Choline kinase β mutant mice exhibit reduced phosphocholine, elevated osteoclast activity, and low bone mass

Background: Bone homeostasis requires constant remodeling by bone-resorbing osteoclasts and bone-forming osteoblasts. Results: Choline kinase β (CHKB)-deficient mice have reduced bone mass, increased osteoclast number, and impaired osteoblast function. Conclusion: CHKB activity controls bone homeostasis via regulation of osteoclasts and osteoblasts. Significance: This is the first report implicating a role for CHKB in bone homeostasis. The maintenance of bone homeostasis requires tight coupling between bone-forming osteoblasts and bone-resorbing osteoclasts. However, the precise molecular mechanism(s) underlying the differentiation and activities of these specialized cells are still largely unknown.

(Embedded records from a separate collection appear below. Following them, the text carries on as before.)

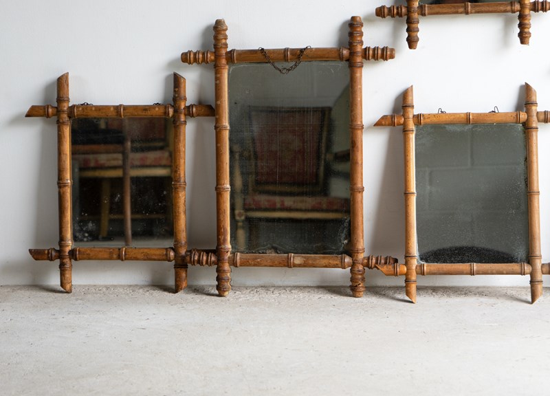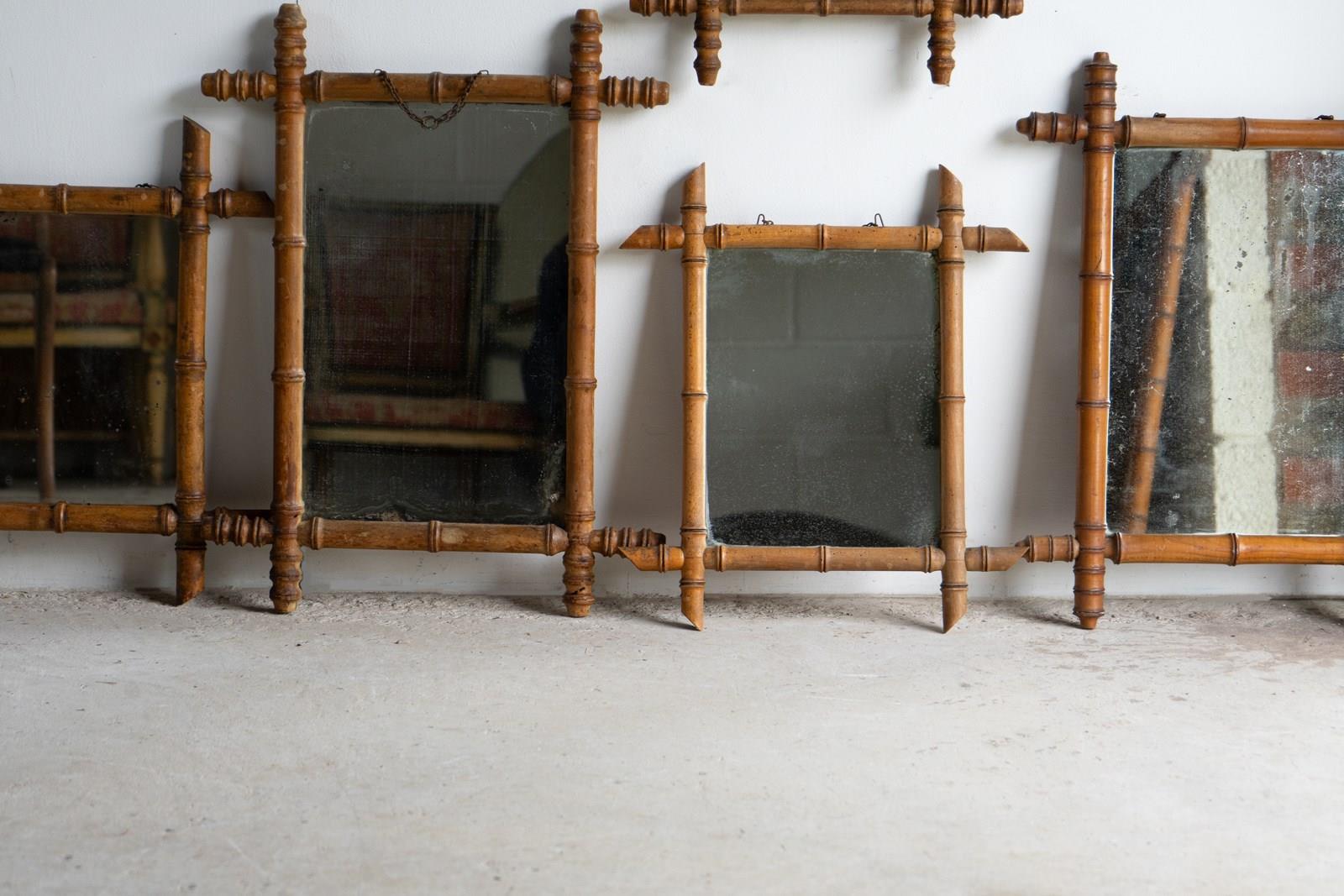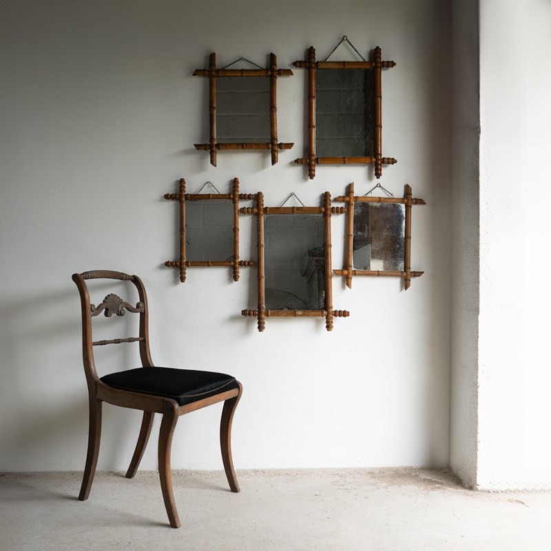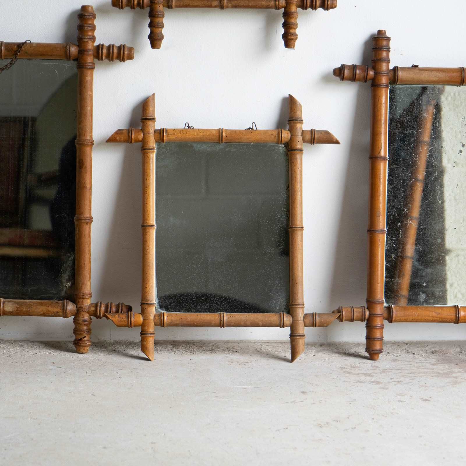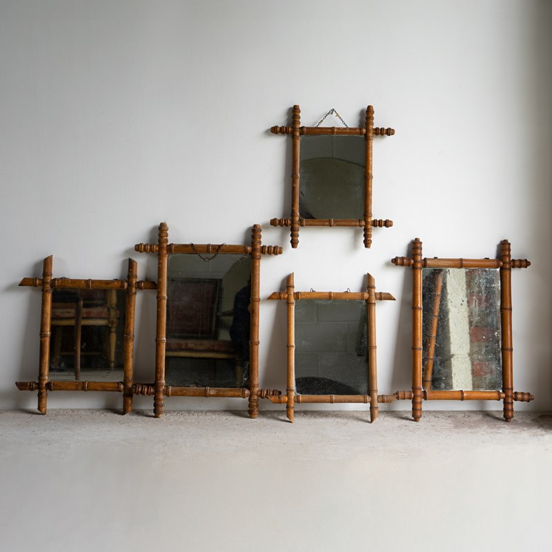 Vintage wooden framed hanging mirror collection. Five original examples of French faux bamboo wall mirrors.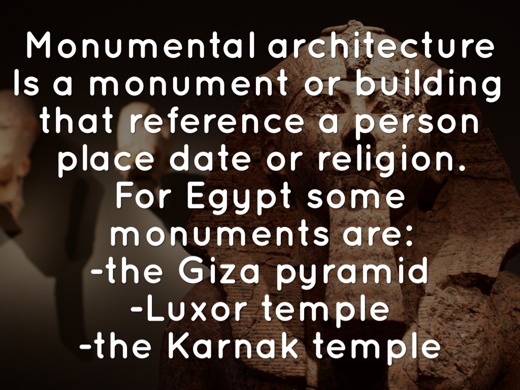 Monumental architecture Is a monument or building that reference a person place date or religion. For Egypt some monuments are: -the Giza pyramid -Luxor temple -the Karnak temple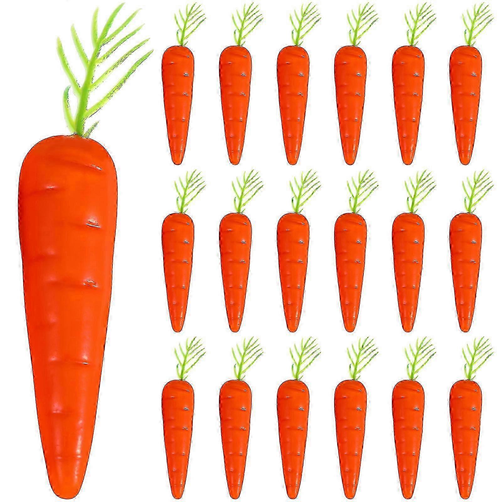 Description These carrot models are carefully crafted with safe and reliable materials that are not easy to damage and deform. With realistic textures and leaves. The exquisite exterior design can greatly echo the theme of Easter parties and can be used as Easter basket filler favors, or home, kitchen, garden decoration. Features - Color: Orange and green - Material: Foam and plastic - Size: About 6 x 1.5 cm or 2.36 x 0.59 inches - Simulation design: Small carrots are decorated with realistic textures and leaves, made with superb simulation technology. - Easter carrots: Rabbits and carrots are fun Easter elements, these tiny carrots are a great echo and ornament to Easter parties. - Delicate decoration: Fake carrots can also be used as miniature landscape props, or used to decorate potted plants, kitchens, and gardens. - Early education toys: As great teaching vegetable toys for children, let them know about carrots, and use them as a simulated kitchen toy. - Premium material: Made of plastic and foam, not easy to be damaged and deformed, and you can use it with confidence.Package List25 x Small carrots ornaments Note: Due to the light and screen setting difference, the item's color may be slightly different from the pictures. Please allow slight dimension difference due to different manual measurement.

Here, we identify choline kinase β (CHKB), a kinase involved in the biosynthesis of phosphatidylcholine, as a novel regulator of bone homeostasis. Choline kinase β mutant mice (flp/flp) exhibit a systemic low bone mass phenotype. Consistently, osteoclast numbers and activity are elevated in flp/flp mice. Interestingly, osteoclasts derived from flp/flp mice exhibit reduced sensitivity to excessive levels of extracellular calcium, which could account for the increased bone resorption. Conversely, supplementation of cytidine 5′-diphosphocholine in vivo and in vitro, a regimen that bypasses CHKB deficiency, restores osteoclast numbers to physiological levels. Finally, we demonstrate that, in addition to modulating osteoclast formation and function, loss of CHKB corresponds with a reduction in bone formation by osteoblasts. Taken together, these data posit CHKB as a new modulator of bone homeostasis.